Apollo Therapeutics is a UK-based biotechnology company founded in 2016. It has raised over $400 million in cumulative financing, with its lead pipeline candidate being an IL-18 antibody currently undergoing Phase II clinical trials for atopic dermatitis.
Apollo Therapeutics is building a large and diverse pipeline of novel drug candidates, with APL-18881 being the fifth project to advance into clinical development. An Investigational New Drug (IND) application for APL-18881 has been submitted in the United States.
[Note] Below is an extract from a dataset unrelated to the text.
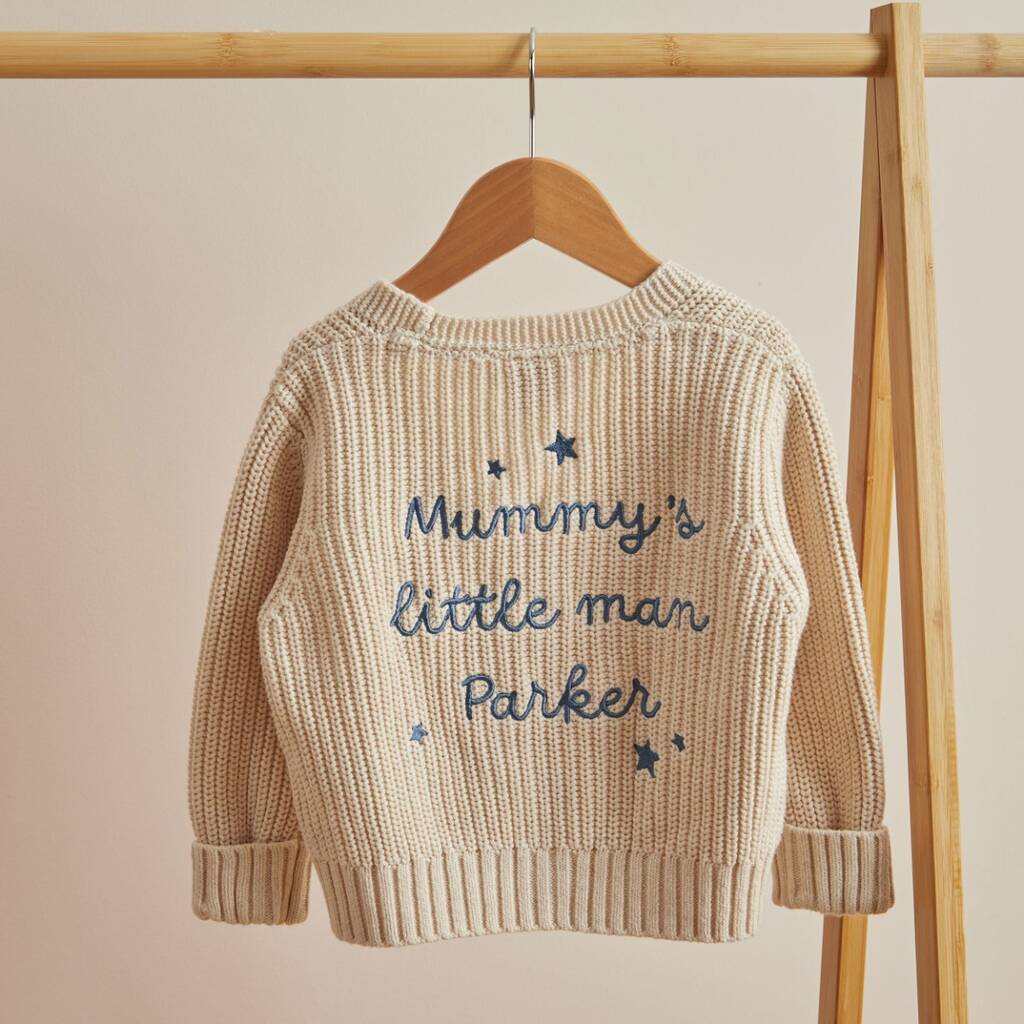 Personalised Mummy's Little Man Oatmeal Cardigan

Apollo Therapeutics will explore the therapeutic potential of this drug across a range of potential indications in cardiometabolic, hepatic, and related disease areas in clinical trials; specific indications have not yet been disclosed.
Currently, APL-18881 (HEC88473) is undergoing a double-blind, placebo- and active-controlled Phase II clinical trial in patients with type 2 diabetes in China (NCT06148649). The preliminary results of this study are expected to be released in the first half of 2025. Furthermore, APL-18881 has received an Investigational New Drug (IND) clearance from the U.S. Food and Drug Administration (FDA). This candidate drug has also successfully completed two Phase I clinical trials in Australia and China, involving healthy and obese subjects as well as patients with type 2 diabetes. Trial data indicate that APL-18881 (HEC88473) demonstrates favorable safety and tolerability at therapeutic doses for both FGF21 and GLP-1 receptors, while showing encouraging potential in pharmacodynamic responses. Both Guangdong Dongyangguang Pharmaceutical Co., Ltd. and Apollo Therapeutics plan to continue or initiate clinical proof-of-concept studies in 2025.
In 2019, Boehringer Ingelheim licensed Yuhan’s GLP-1/FGF21 dual agonist with a $40 million upfront payment and up to $830 million in milestone payments. In recent years, FGF21 fusion proteins from Akero Therapeutics and 89bio have achieved significant breakthroughs in the treatment of non-alcoholic steatohepatitis (NASH).
In China, Guangdong Dongyangguang Pharmaceutical and Apollo Therapeutics/Chia Tai Tianqing have developed GLP-1/FGF21 dual agonists, while Daoer Biopharma has developed a GLP-1/GCG/FGF21 triple agonist; all have entered clinical trials.